■ **DESCRIPTION OF THE TASK**:
The answer must be an exact copy of the lines from the one with "可选品和必需品消费分化:20" through the final line of the records below, with no pictures.

■ **INPUT DATA**:

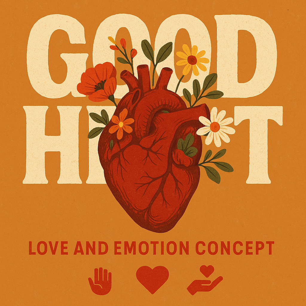 A vibrant illustration featuring a stylized heart surrounded by flowers, symbolizing love and emotion. Ideal for creative projects and emotional wellness themes.
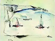 His early work obscured the natural forms that inspired them making critics see them as tending toward pure abstraction. In the early 1950s he made a transition to a more clearly figurative expression.[45][47] These late works were said to give off an air of mystery.[44] Writing of a solo show held at the Landry Gallery in October 1960, Stuart Preston of the New York Times said, "The essence of mystery and magic is exactly what distinguishes Ralph Rosenborg's meditative semi-abstract landscape water-colors... These are rapturous little acts of visual and manual concentration at first sight inscrutable and then revealing themselves to be precise and allusive.[49] Writing about the same show, Bennett Schiff, critic for the New York Post, said "A mystical intensity and a beauty which burns in ruby and sapphire colors are in these fine paintings."[55]
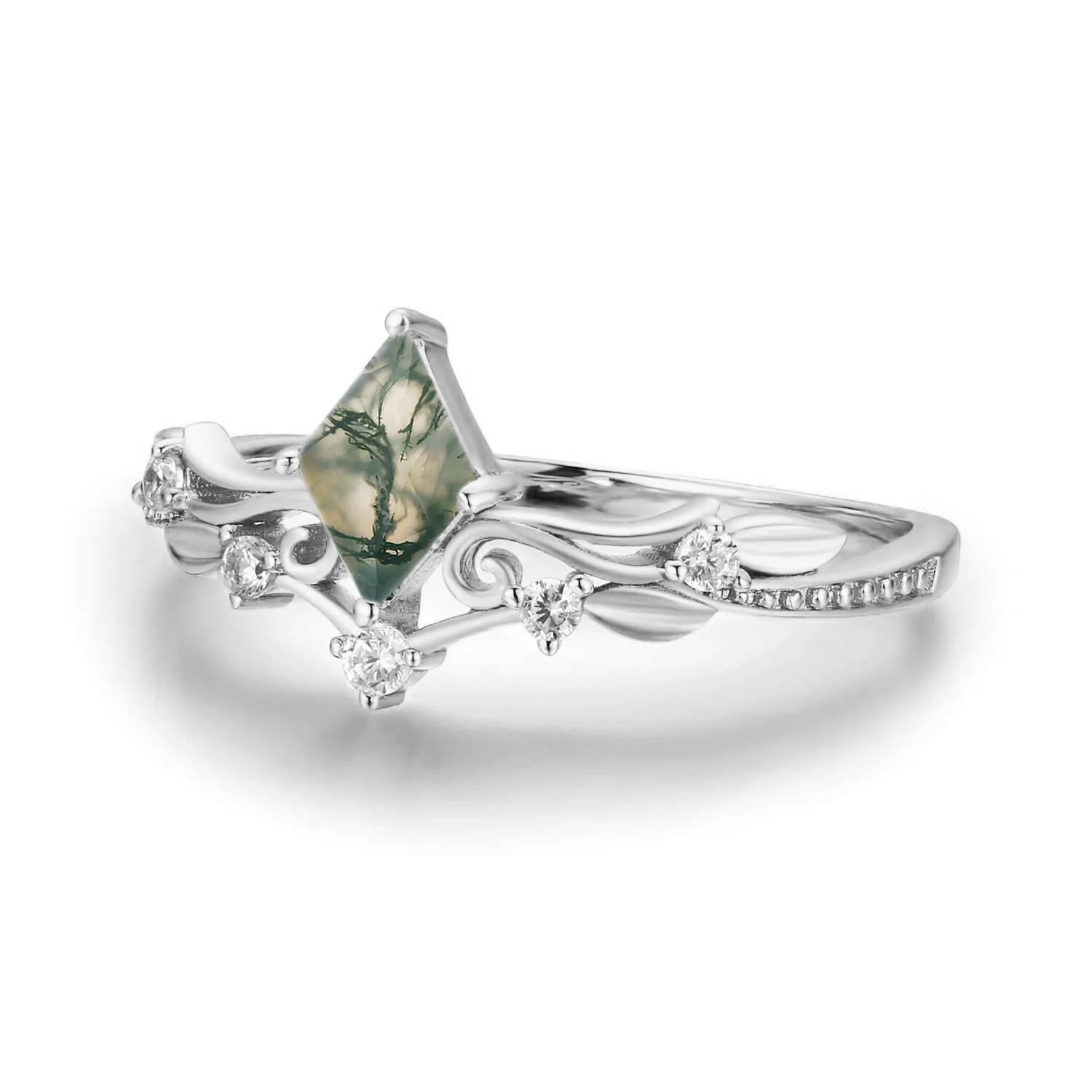 ✦ 5x7mm natural rhombus-cut moss agate (center stone)
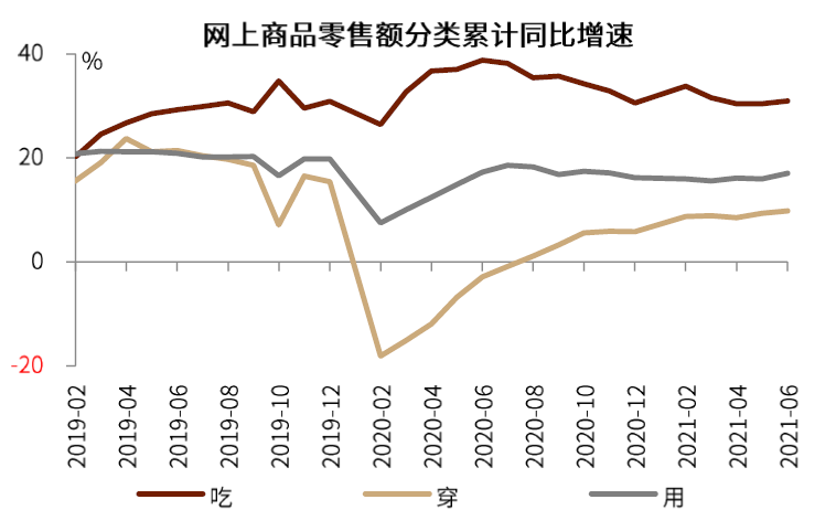 可选品和必需品消费分化:2021年上半年,居民主要消费支出项中,食品烟酒为代表的必需品消费支出,两年复合增速达9.5%,比总体消费支出增速高4.1个百分点。而其他各品类支出增速均低于总体消费,尤其是医疗保健、文教娱乐等,两年复合增速的降幅超过8个百分点。疫情期间相对受益的线上商品消费也存在分化,比如吃、穿、用三大类商品中,也只有必需品的吃类消费增速回到疫情前,穿和用类的线上消费未完全修复。
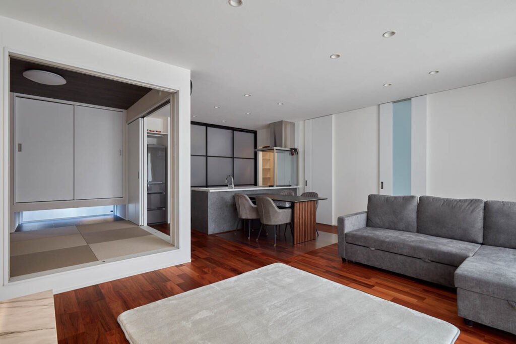 レールが天井に埋め込まれているためレールが全く目立たない為すっきりとした見た目になっています。
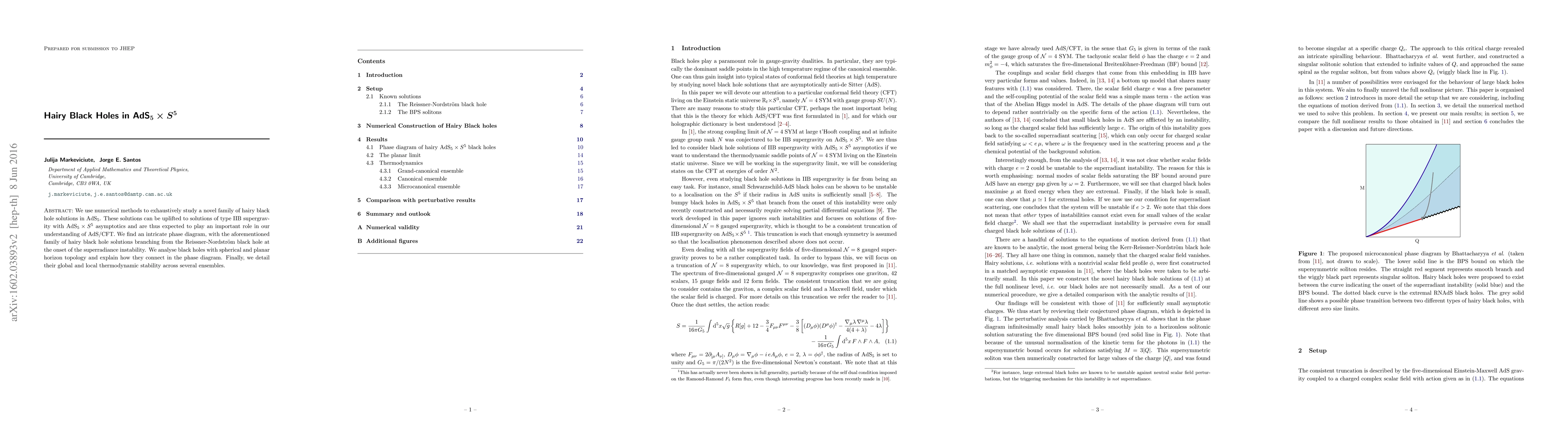 The paper investigates novel hairy black hole solutions in AdS$_5$ using numerical methods, revealing a complex phase diagram and their connection to Reissner-Nordström black holes. The solutions are uplifted to type IIB supergravity with AdS$_5\times S^5$ asymptotics, crucial for AdS/CFT correspondence, and their thermodynamic stability is analyzed across different ensembles.

■ **RESULT OF THIS TASK**:
 可选品和必需品消费分化:2021年上半年,居民主要消费支出项中,食品烟酒为代表的必需品消费支出,两年复合增速达9.5%,比总体消费支出增速高4.1个百分点。而其他各品类支出增速均低于总体消费,尤其是医疗保健、文教娱乐等,两年复合增速的降幅超过8个百分点。疫情期间相对受益的线上商品消费也存在分化,比如吃、穿、用三大类商品中,也只有必需品的吃类消费增速回到疫情前,穿和用类的线上消费未完全修复。
 レールが天井に埋め込まれているためレールが全く目立たない為すっきりとした見た目になっています。
 The paper investigates novel hairy black hole solutions in AdS$_5$ using numerical methods, revealing a complex phase diagram and their connection to Reissner-Nordström black holes. The solutions are uplifted to type IIB supergravity with AdS$_5\times S^5$ asymptotics, crucial for AdS/CFT correspondence, and their thermodynamic stability is analyzed across different ensembles.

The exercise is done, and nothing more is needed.